“Okay, that’s enough. I’ll cop to the charge of not having been all that low profile lately—with no small thanks to your brotherhood, the Fourth Estate, for that.”
“Who’s the Fourth Estate? I don’t belong to no brotherhood of the Fourth Estate.”
“Don’t give me that shit, Brownie. You know damn well what I’m talking about, not that it’ll make any difference at this point. I’m referring to the media notice I attracted recently when my business relationship with Colin Elliot came to an end—when I got my fifteen minutes of fame that made me identifiable to those having nothing better to do than—”
“Hey! I wouldn’t be callin’ the kettle black if I were you, and I wouldn’t be kidding myself, either. You’ve always been identifiable to those of us makin’ it our business to know who you are and what angles you might be playin’. That nasty period after your boy was put outta commission back in ’eighty-four saw to that. You couldn’t go after somebody like Gibby Lester the way you did without callin’ a certain amount of attention to yourself and—”
“I’m not here to reminisce,” Nate says, “and I’m not here just to be tipped off to some unwitting notoriety on my part. You left word at my office that you had something significant for me, cash has exchanged hands, so let’s have it.”
Nate frowns at the reporter with whom he’s avoided eye contact until now. It’s hard to believe they’re contemporaries, were once considered equals in parallel fields of study at Penn. Brownell Yates III appears to have aged a decade in the two or so years since they last had a face to face; very little remains of the gleam that set him apart in their college days.
“I hear ya, I hear ya,” Brownie says while fishing something from an inside pocket of his rumpled suit jacket. “Fact is, I was on this strictly for my own reasons before it started lookin’ as though you might likewise think there could be a link between the Lester and Kaplan killings. And why wouldn’t you, what with the historical connection to Lester and the fresh tie-in to the moron of a photographer that was gonna take a shot at sucking your boy dry for loss of livelihood and permanent facial disfigurement?”
“How do you know what Kaplan was planning to do?”
“I had better luck than you. I’m not sayin’ I was able to break into Kaplan’s place, but I did have a productive sit-down with a girlfriend of his that I latched onto at a neighborhood watering hole he used to frequent. Didn’t take that many fuzzy navels to get her to say that Kaplan was plannin’ to hold Colin Elliot up for a bundle in damages.”
“And your reasons for pursuing any of this?”
“The usual. For bucks, and maybe the one big story that’ll get me the cover and a byline on one of the weeklies—legit weeklies, if you know what I mean.”
When pigs fly, Nate rates Brownie’s chances of going legit without help.

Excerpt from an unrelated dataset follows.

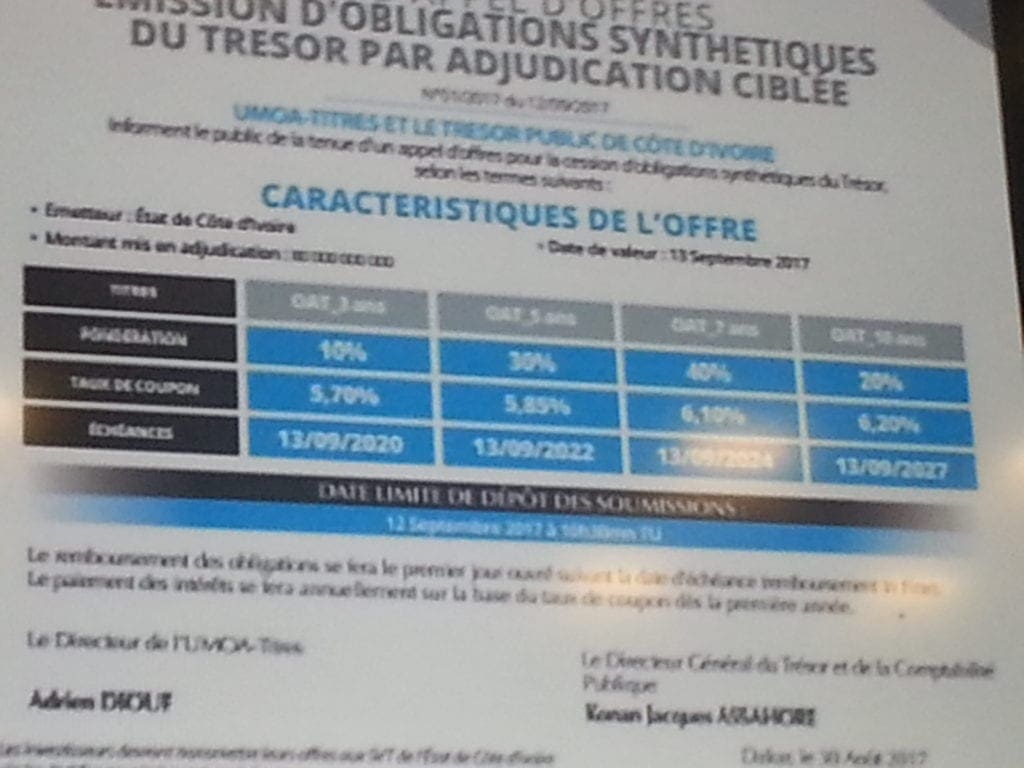 Il s’agit d’une émission d’obligation synthétique par adjudication ciblée d’un montant de 80 milliards de Fcfa et dont les taux varient entre 5,70% et 6,20% selon la maturité.

“So, you’ve just sold me the electrifying news that the photographer assaulted by my so-called boy planned to sue for whatever astronomical figure the courts would allow. You’d better have more than that or we’ll be talking about a full refund.”
“I’m gettin’ to it, I’m gettin’ to it.” The hard-luck reporter unfolds an item retrieved from an inner pocket and hands it over.
Nate gasps at sight of an intact photograph he’s only ever seen in part. “Jesus, Jesus,
Jesus
,” he says, his detachment shattered. “Where . . . where did you get this?”
“The girlfriend. She had presence of mind to remove the questionable items from Kaplan’s place before the cops ransacked it. She sold this to me for ten bucks and says she’s got more if I have a market for ’em. By the look on your face I’ll say I do.”
“I’d prefer to negotiate with her directly. What’s her name and number?”
“No way. My way or no way. And I’m not namin’ the source that says the powdery residue found in Gibby Lester’s floor safe—the
only
thing found in Lester’s floor safe, by the way—is an exact match for the bulk product shoved down Sid Kaplan’s slit throat.”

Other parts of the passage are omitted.